I watched him as he nodded and inched closer to me. I wished I knew where we stood.
“Far, far away,” he whispered.
My eyes grew wider as he neared. His mouth was saying the opposite of what he was doing. Something inside me burned to know more, to know everything about him.
“And what if I don’t want to stay away?”
“It’s wise advice. But you’re the one paying the bill,” he said.
It sounded like a warning, so I moved my head back, putting a little space between us to think straight.
“What exactly is it that I’m staying away from?” I asked, “An upstanding citizen who drives women and their children home from the doctor and goes to war to fight for our country?”
“A man who has no capacity to know what’s right or wrong anymore. Someone who tears things apart”—he paused, and I could feel his warm breath flush against the apple of my cheek—“and doesn’t stay to put them back together.”
Kael’s fingers were warm when they caressed my chin, tilting my head to see his full face. His breathing slowed and the air between us became more serious. The stakes were growing with each second that passed.
“A man who’s a killer,” he whispered.
Adrenaline shot through me and I held his eyes. “I . . . I don’t know what to say to that.”
“You don’t have to say anything.” Kael’s eyes were on my lips as I nodded.
He kissed me the way I’ve only read about in poetry. I now understood what all the poets and writers complain about when they lose their love. This was that feeling they all chased, missed, remembered, would die for another chance to feel again. His lips opened and his tongue slid across mine. I would never forget this kiss, it was now a part of my DNA, the intensity of emotion, a rush unlike anything else I could explain. I wondered how anyone could possibly live after feeling this even once.

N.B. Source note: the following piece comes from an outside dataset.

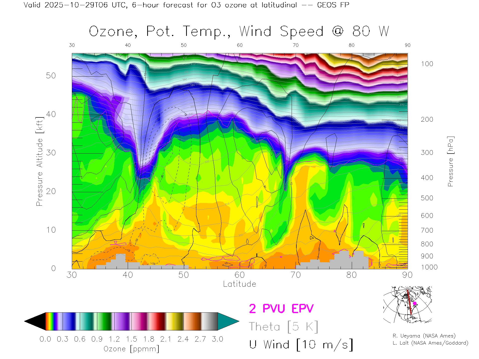 GEOS Forecast Ozone X-Section (80 W)

Kael’s hands lifted me up onto the counter and my legs opened and he stood between them. His hands gripped the tops of my thighs as he devoured me, body first, then mind. His ACU jacket was crunchy between us, but I could still feel his heart pounding as I put my hand on it, next to the pocket. The way his heart danced under my palm felt like he was playing a song made just for me. This connection with him, this consuming connection, was otherworldly. I had never desired to be this close to someone before, not even when I was a teenager and confused infatuation with love. Pages of all the romance novels I had read, every scene from the dozens of rom-coms, all flicked and fluttered in my mind. They finally made sense.